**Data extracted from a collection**
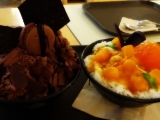 _blank">ソウル旅行!弘大のピカソ通りへ♪ の続きです弘大に来た1番の目的は友人が旅本で見つけたパンケーキのお店へ行くことです前回行けなかったので今回は絶対!!と意気込んで迷いながら到着したのにまさかの、、、閉まってる閉店ではなさそうだけど定休日でもないのに休みでしたガックリってことでパンケーキの代わりにパッピンスを食べることにしました 弘大の駅の近くにあるcocobruniというチョコレート屋さんのカフェへ ピンスの種類が3種類くらいしかなくて わたしはチョコレート専門店なので左のチョコレート友人は右の柿このチョコレートのピンスは本当にチョコレートずくしで氷もチョコレートでチョコレートのスライスがどっさりかかってて板チョコものっかってて、チョコレートシロップもかかっててチョコレート味のマカロンまで!!きっと恐ろしいカロリーだと思われます友人の注文した柿のピンスは恐ろしく美味しかったそうです わたしも味見させてもらったけど口の中がチョコレートでマヒしてしまってあんまり味が分かりませんでしたではホテルへ戻って夜ご飯でーす
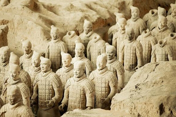 秦始皇兵馬俑是世界考古史上最偉大的發(fā)現(xiàn)之一,1978年,前法國(guó)總理希拉克參觀后說(shuō):“世界上有了七大奇跡,秦俑的發(fā)現(xiàn),可以說(shuō)是八大奇跡了。不看秦俑,不能算來(lái)過(guò)中國(guó)?!睆拇饲刭副皇澜缱u(yù)為“八大奇跡之一”目前已挖掘出3個(gè)俑坑。
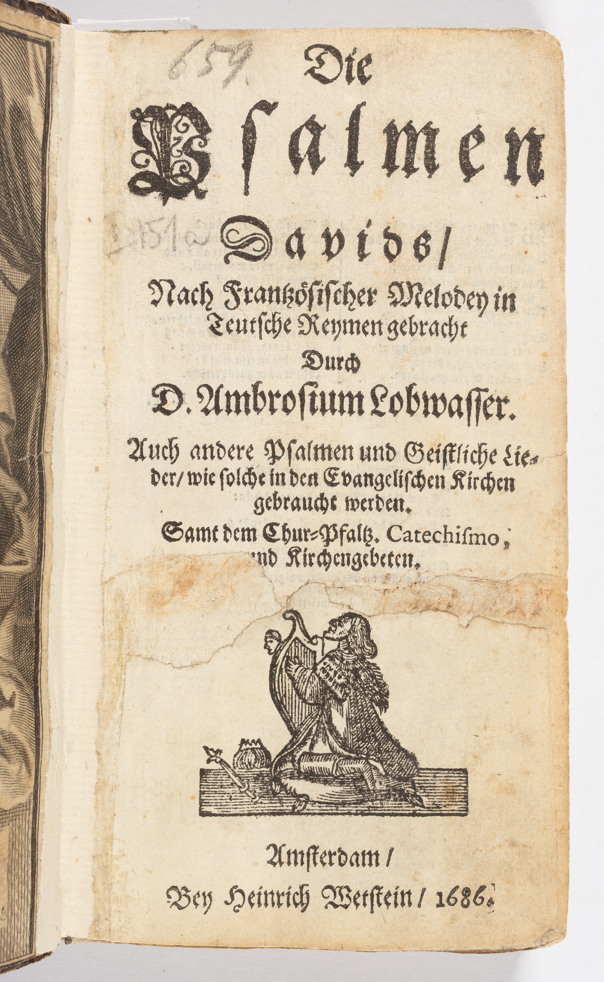 Part of Die Psalmen Davids Nach Frantzzoesischer Melodey in Teutsche reymen gebracht Durch D. Ambrosium Lobwasser. Auch andere Psalmen und Geistliche Lieder wie solche in den Evangelischen Kirchen gebraucht werden. Sampt dem Chur - Pflatz. Catechismo, und Kirchengebeten
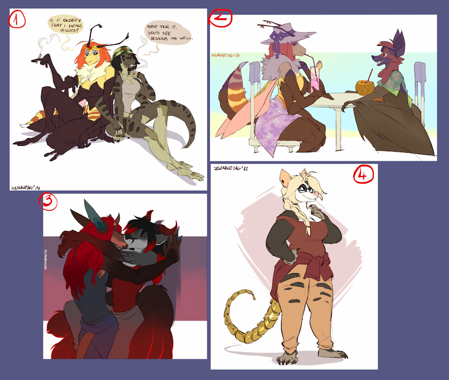 On this stream my bee character, Alma was highligted in two pieces. I very rarely used her in general so far. I designed her to have fun with in various topics, so I won’t mind if you guys ask to put her in your commissions. NSFW is okay too. The next stream will be NSFW anyway. So if you don’t have any idea of your sketch commission, or just needs a plus character, then usually I can provide my own character(s), depending which one is fitting.
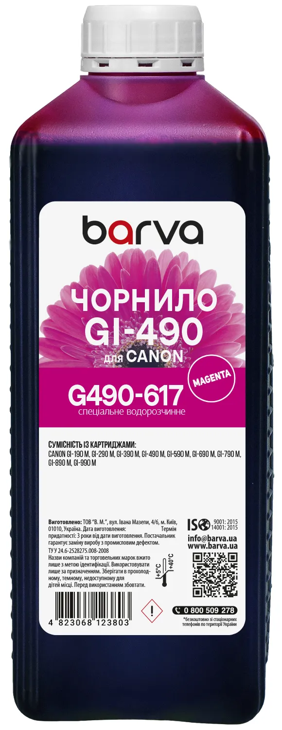 Вы можете купить Чернила для Canon GI-490 M специальные 1 л, водорастворимые, пурпурные Barva (G490-617) в нашем интернет-магазине с доставкой по Киеву и всей Украине.
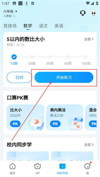 3、切换到同步学练页,选择【5以内的数比大小】模块,点击【开始练习】就能开启对应训练啦。
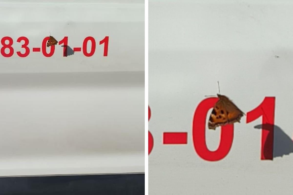 Снимок насекомого сделала местная жительница. «Ей очень понравилась эта машина. Скорее всего яркими буквами», — предположила женщина.
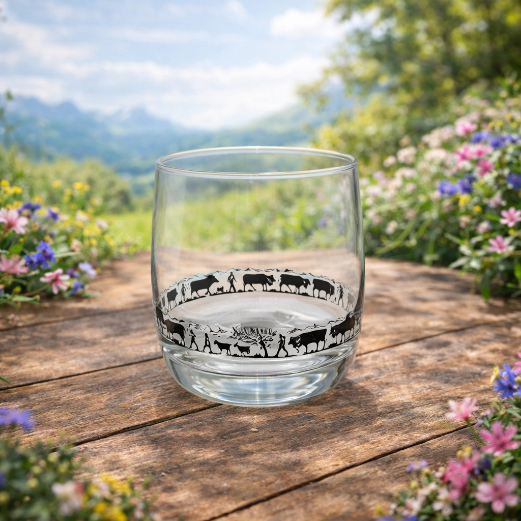 Schönes Wasserglas mit einem Alpaufzug rundum das Glas.
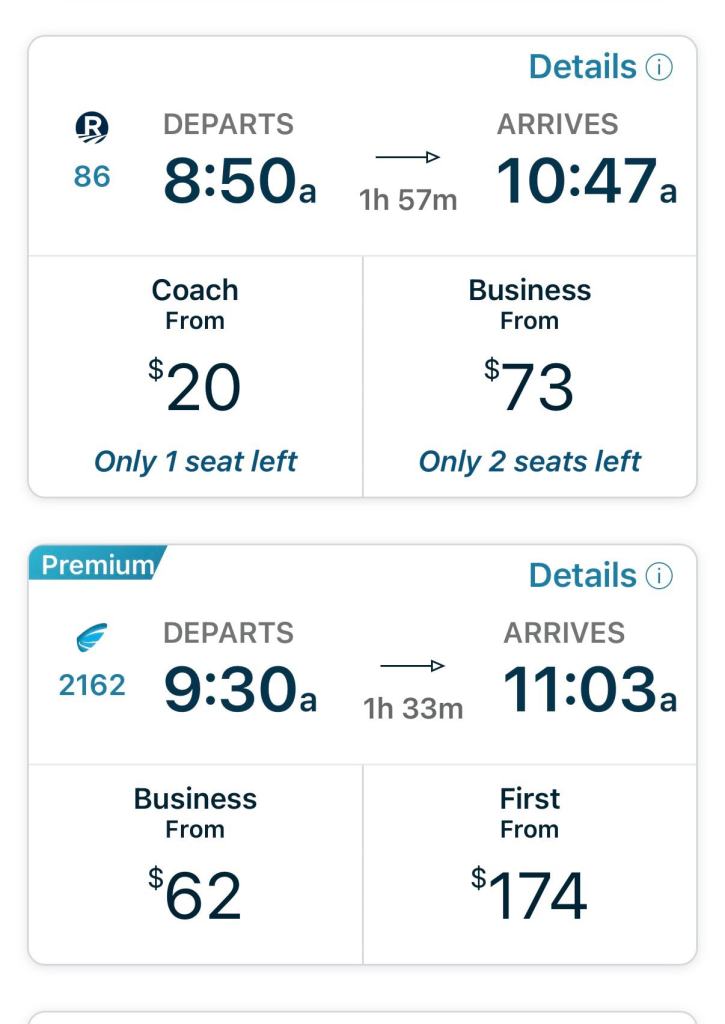 So if you’re just scanning the right column (assuming that’s business), you might completely miss some good Acela options. Acela business is often cheaper than Northeast Regional business, especially off-peak, and it still comes with the coveted assigned seat, which is really the whole reason we book it. So, if you’re planning to ride business class anyway, it’s worth checking both columns every time.
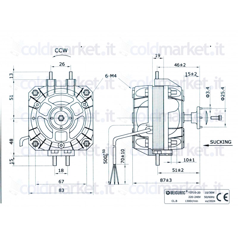 Ventilateur 10 Watt Pentavalent Weiguang YZF10-20 – Emballage de 24 Pièces – 230V 1300 tours/min
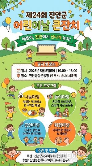 [ 한국미디어뉴스 이종철 기자 ] 진안군지역아동센터연합회는 제24회 어린이날을 맞아 오는 5월 5일 오전 10시부터 진안공설운동장(우천 시 반다비체육관)에서 ‘어린이날 큰잔치’를 개최한다.

**Task prompt**
Return only the part above that opens with the line containing "Part of Die" and closes with the line containing "So if you’re", exactly and with both ends, skipping the pictures.

**Completed exercise**
 Part of Die Psalmen Davids Nach Frantzzoesischer Melodey in Teutsche reymen gebracht Durch D. Ambrosium Lobwasser. Auch andere Psalmen und Geistliche Lieder wie solche in den Evangelischen Kirchen gebraucht werden. Sampt dem Chur - Pflatz. Catechismo, und Kirchengebeten
 On this stream my bee character, Alma was highligted in two pieces. I very rarely used her in general so far. I designed her to have fun with in various topics, so I won’t mind if you guys ask to put her in your commissions. NSFW is okay too. The next stream will be NSFW anyway. So if you don’t have any idea of your sketch commission, or just needs a plus character, then usually I can provide my own character(s), depending which one is fitting.
 Вы можете купить Чернила для Canon GI-490 M специальные 1 л, водорастворимые, пурпурные Barva (G490-617) в нашем интернет-магазине с доставкой по Киеву и всей Украине.
 3、切换到同步学练页,选择【5以内的数比大小】模块,点击【开始练习】就能开启对应训练啦。
 Снимок насекомого сделала местная жительница. «Ей очень понравилась эта машина. Скорее всего яркими буквами», — предположила женщина.
 Schönes Wasserglas mit einem Alpaufzug rundum das Glas.
 So if you’re just scanning the right column (assuming that’s business), you might completely miss some good Acela options. Acela business is often cheaper than Northeast Regional business, especially off-peak, and it still comes with the coveted assigned seat, which is really the whole reason we book it. So, if you’re planning to ride business class anyway, it’s worth checking both columns every time.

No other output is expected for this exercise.